Now the Democratic contest will go on through at least "Super Tuesday" -- Feb. 5. Mrs. Clinton is likely to win the Democratic beauty contest in Michigan on Jan. 15. But with no delegates at stake, it will have little impact.
Despite Sen. Harry Reid's son serving as her Nevada chairman, she's likely to lose that state's caucuses on Jan. 19. Then comes South Carolina on Jan. 26, where half the Democratic voters are likely to be African-American and Mr. Obama the probable victor. That means Florida on the 29th looms very large. The outcome of the contest in the Sunshine State is likely to have a disproportionate impact on the 23 contests on Super Tuesday.
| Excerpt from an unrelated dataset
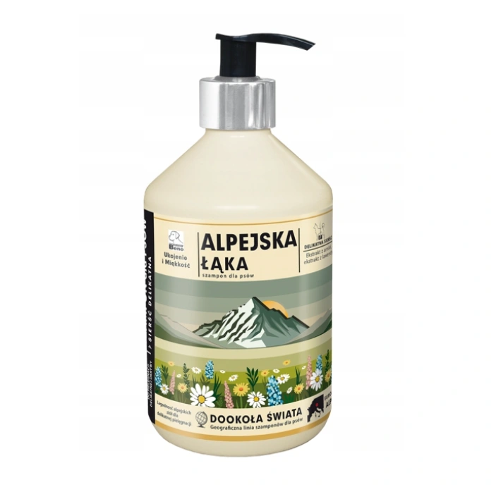 Alpine meadows are associated with delicacy and purity, blue skies and soft green grass dotted with colorful flowers. Alpine Meadow Shampoo is designed for dogs with sensitive skin and coats. The cleansing ingredients used do not damage the lipid barrier of the dog's skin. Arnica extract improves microcirculation in capillaries, has anti-inflammatory and skin regenerating properties. It accelerates skin repair processes and improves its elasticity. Lavender extract facilitates the healing of minor wounds. It helps moisturize the skin, accelerates hair and coat growth, and nourishes them. The fragrance composition used provides your dog with relaxation and soothing during bathing. Specially selected ingredients from alpine herbs will provide your dog with gentle care.

With so many states voting on Super Tuesday, no candidate will have enough money, time or energy to cover all the contests. Burning in a single television ad in every Super Tuesday state will cost nearly $16 million.
Instead, candidates will pick states where they have a better chance to win and, by doing so, lock down more delegates. They will spend their time in cities with local TV and print coverage that reaches the biggest number of targeted voters possible. And they will spend their limited dollars on TV stations that deliver the largest number of likely supporters at the least cost. Memphis, for example, may be a smart buy, with its stations reaching western Tennessee and eastern Arkansas, both Feb. 5 states. Fargo, which reaches North Dakota and Minnesota, may be another effective buy.
At the end of Super Tuesday, it won't be just who won the most states, but who has the most delegates. In both parties, party elders and voters in later contests across the country will want to start consolidating behind a candidate.
Mr. Rove is a former senior adviser and deputy chief of staff to President George W. Bush.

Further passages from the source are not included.